When we arrived in Kigali, I was thoroughly exhausted. Exiting the plane, the smell of Africa consumed us. The balmy air was a relief from the freezing temperatures of Chicago and Brussels. The terminal was filled and chaotic, and it was an interesting first experience in Rwanda. I got my passport stamped and went to baggage claim, where the conveyor belt was densely surrounded by a variety of nationalities and cultures. Women in African dresses, and Brits in horn-rimmed glasses were pushing and shuving one another in an attempt to retrieve their belongings. Daniel had told us in Brussels that, while traveling, were had becoming de-territorialized. It was an attempt to explain why I couldn’t go outside and smoke, but it was true on other levels as well. Stepping out of the baggage claim through the crowds of family members and drivers with signs calling to their loved ones and employers, we became re-territorialized. Smoking reminded me of the first time. Dizzy from jet-lag and nicotine, we crammed our luggage into the small trunk of a grotesque Land Rover that was to take us to the Stipp Hotel, driven by Martin.

The roads in Kigali are an experience as well. Without signs or lines, the roadways are similarly crowded and chaotic. There were mopeds whirring, and cars with right-hand driver sides like in Britain, reminders of colonialism. Traffic moves slowly, and Martin had a sticker on the back of his Land Rover the said “Hakuna Matata.” There are no seat belts in the backseat, so frantically passing mopeds and slower drivers was unnerving. But the views outside of the car calmed me. People were everywhere. Small shops and abandoned building lined the road from the airport. Off to the right, the road drops off, and I could see the hills of Kigali spotted with the lights of a capital city, and it was beautiful. Through the winding and unlabeled streets, we arrived at the hotel, walls plastered with yellow stucco, and filled with pictures of President Kagame, decorated with fur rugs and hand-woven baskets. The darkness and delusion of travel prevented me from accurately interpreting the landscape. As a left the lobby from check-in, the bellhop led us to our room. The hotel is comprised of several villa-looking building, each having 3 or 4 rooms connected by an awning to protect guests from the rainy season. At first I thought I was walking into a Rainforest Café, filled with the sound of water falling and synthesized plant life. In a moment a realized that I was actually outdoors, and that this was real. A cool breeze drifted into the Oxford shirt I had been wearing under my sweater, and I could smell the dense scent of grass and wildflowers.

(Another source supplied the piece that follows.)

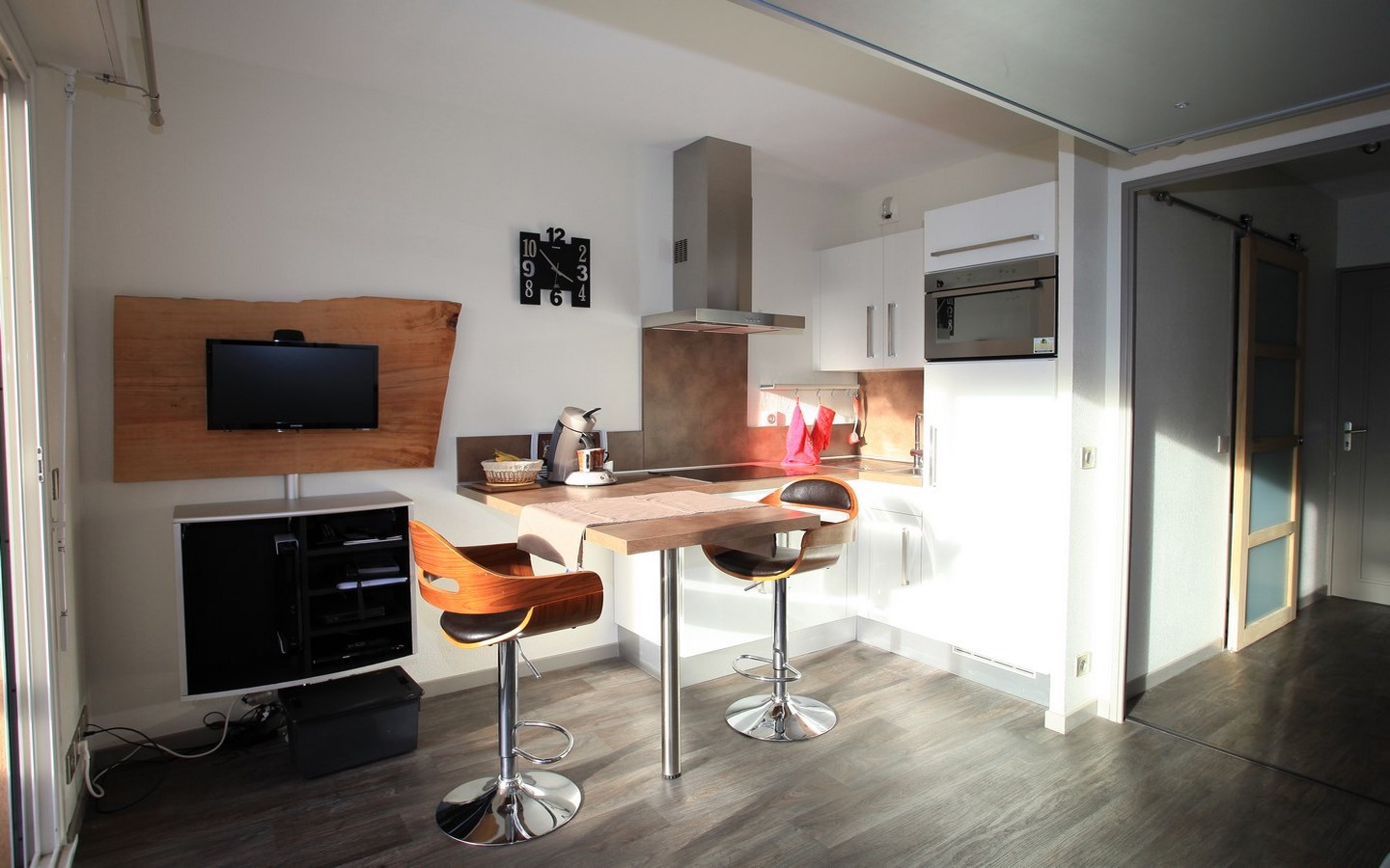 Studio de 20 m² situé au 1er étage d'une résidence sans ascenseur dans le quartier pittoresque du Bas Cambo. Kitchenette ouverte sur l'espace repas et le coin couchage avec 1 lit en 140. Salle d'eau avec baignoire et wc. Station thermale réputée, CAMBO LES BAINS a une situation privilégiée: à 25 km à peine des vagues de l’Atlantique et ses stations balnéaires : Anglet, Biarritz, et St Jean de Luz, mais aussi tout prés de Saint Jean Pied de Port et à 5 km d’Espelette.

Our room was much more than I had expected, with a full shower and bath tub, a new television, and a switch board next to the bed that looked more like something out of Star Trek than something out of Africa. After literally throwing our bags into the room, we made our way to the restaurant and bar. I didn’t expect the meal to be a formal event, but when our waiter, Benjamin, poured my beer into a tulip glass placed on a white napkin, I realized that this was a classy affair. The funny part is that I was drinking a beer that was about 2 dollars. Granted, it was much better than the PBR that 2 dollars would typically get you. The meal was even more impressive. Our dishes came out covered with silver, and placed on a thoroughly well thought out placement of flatware. After dinner, we went back to our rooms. I sat down on the firmest bed that I have felt in my experience with beds, turned on the X-files, and fell deep asleep. It was a comfort to know that I had finally made it to Rwanda, that I was finally in country, and that my ambitions were being made real.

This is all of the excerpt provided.